The Inspector-General for Emergency Management recommends that the Department of Environment, Land, Water and Planning (or the single entity referenced in Recommendation 4) lead the development and distribution of evidence-based land and fuel management tools for use by all legislated fuel management organisations to ensure a common approach to fuel management.
DELWP and CFA are currently improving how weather conditions are reflected in bushfire risk modelling, improving data on house loss and asset location, and improving understanding of the likelihood of ignition events. This work will improve understanding of bushfire risk in a broader range of circumstances, providing an evidence base for the development of more sophisticated fuel management tools.
DELWP, in collaboration with CFA, has been working with the Commonwealth Scientific and Industrial Research Organisation (CSIRO) and the University of Melbourne to update bushfire risk models to include locally specific weather streams, suppression effectiveness models, and climate change data.

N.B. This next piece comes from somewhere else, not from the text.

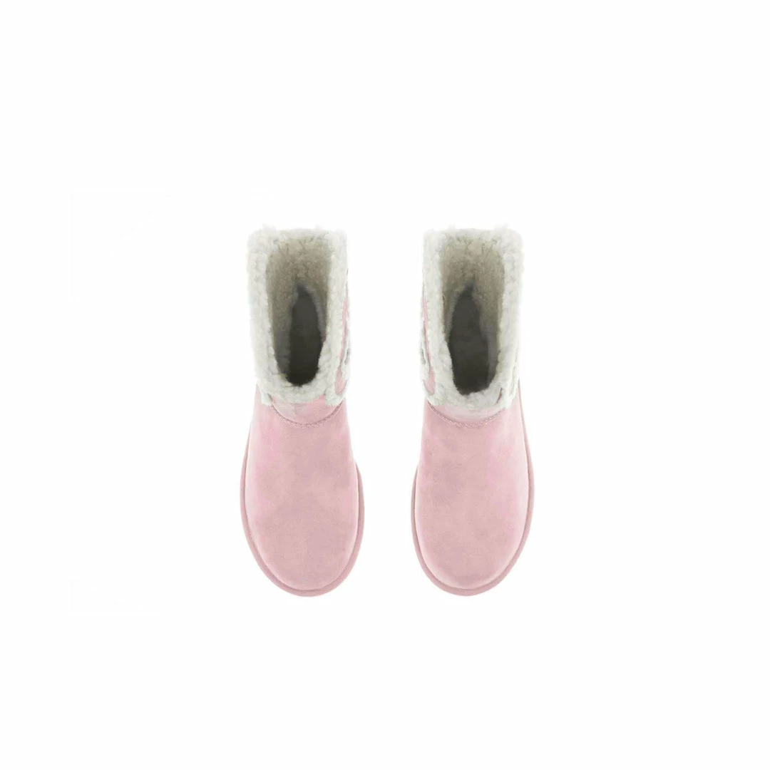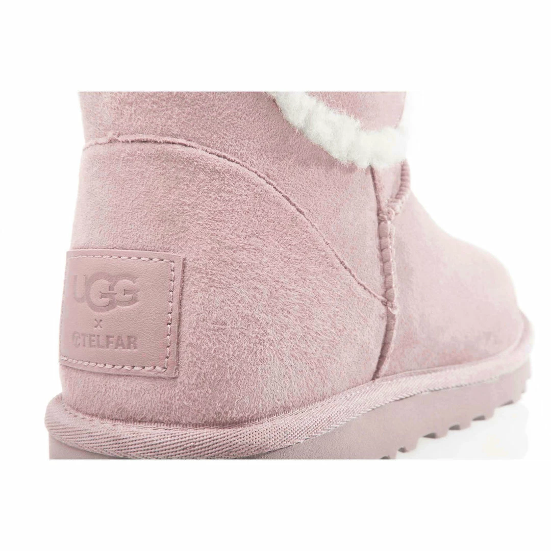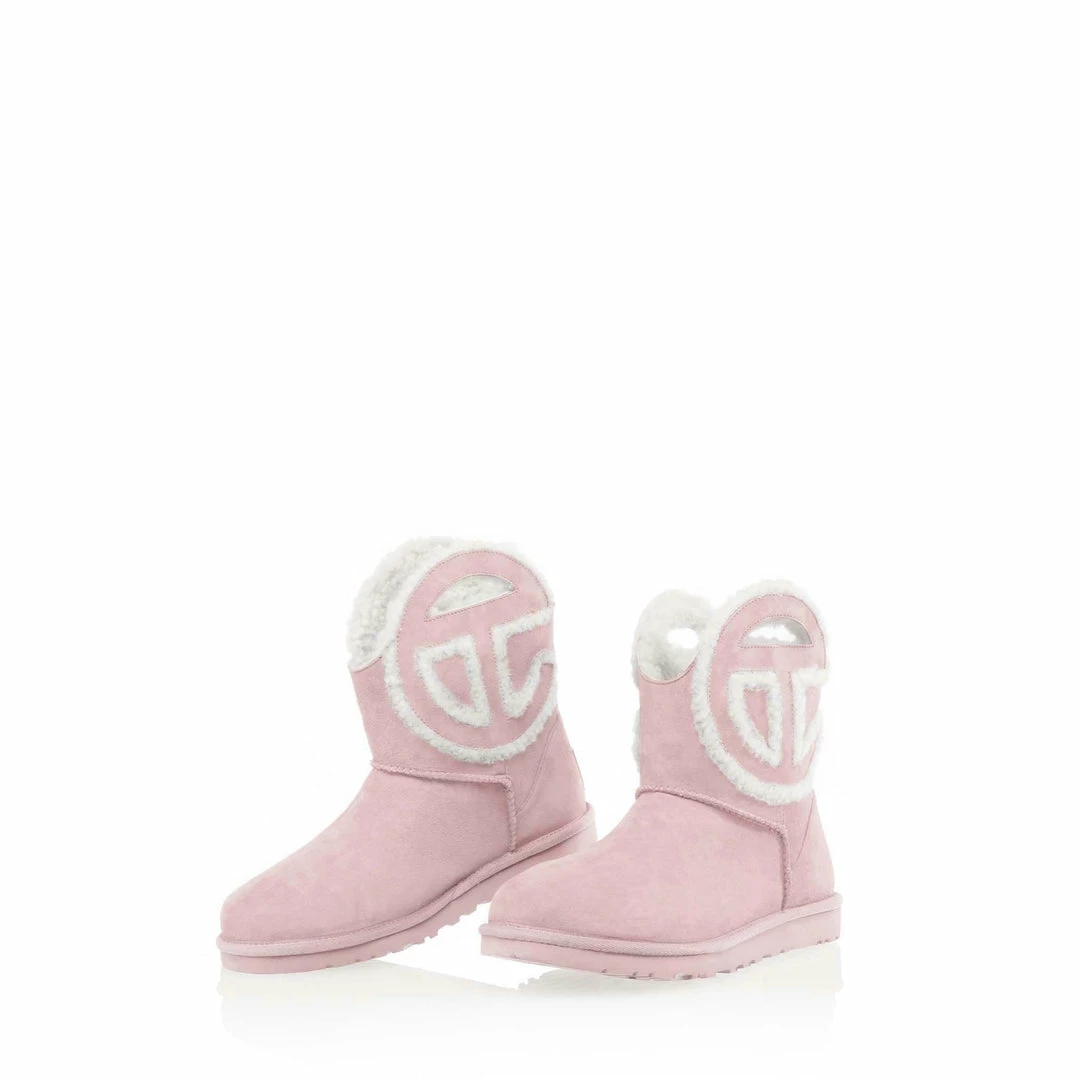 Telfar’s take on the coziest shoe on earth: the iconic UGG mini. Genuine suede on the outside and 100% wool sherpa on the inside, featuring a die cut shearling TELFAR logo bootstrap.

As part of the Risk 2.0 Project (refer to Action 7.3), DELWP has made improvements and enhancements to the following datasets and models that underpin bushfire risk modelling:
- Weather streams – DELWP's previous approach to modelling weather used a single weather scenario, based on similar conditions to those experienced during Black Saturday (2009) to model bushfire risk. Through this sub-project DELWP can now model multiple weather scenarios representing local conditions ranging from the worst-case scenario to an 'every year' type of weather event.
- Likelihood models – DELWP in collaboration with the University of Melbourne, has developed ignition likelihood predictive models for human and lightning causes for strategic fire planning. These models are used to predict spatial variability of ignition likelihood across the landscape for a given weather and fuel scenario. This sub-project improves existing information about the likelihood of a fire starting and spreading (depending on the weather, landscape dryness, and ability to suppress the fire).
- House loss models – DELWP has updated the house loss model to include risk factors that influence how well a house can withstand fire, such as nearby vegetation. The house loss model was independently evaluated by a data scientist from DELWP. The University of Melbourne has also prepared a report on the calibration of house loss models for use with Victoria's simulation system Phoenix RapidFire .
- Asset location – DELWP has completed the asset location dataset which depicts building locations, building classifications (houses and outbuildings), and the number of buildings on a given property. This is a key upgrade from the previous approach which used address points as asset locations.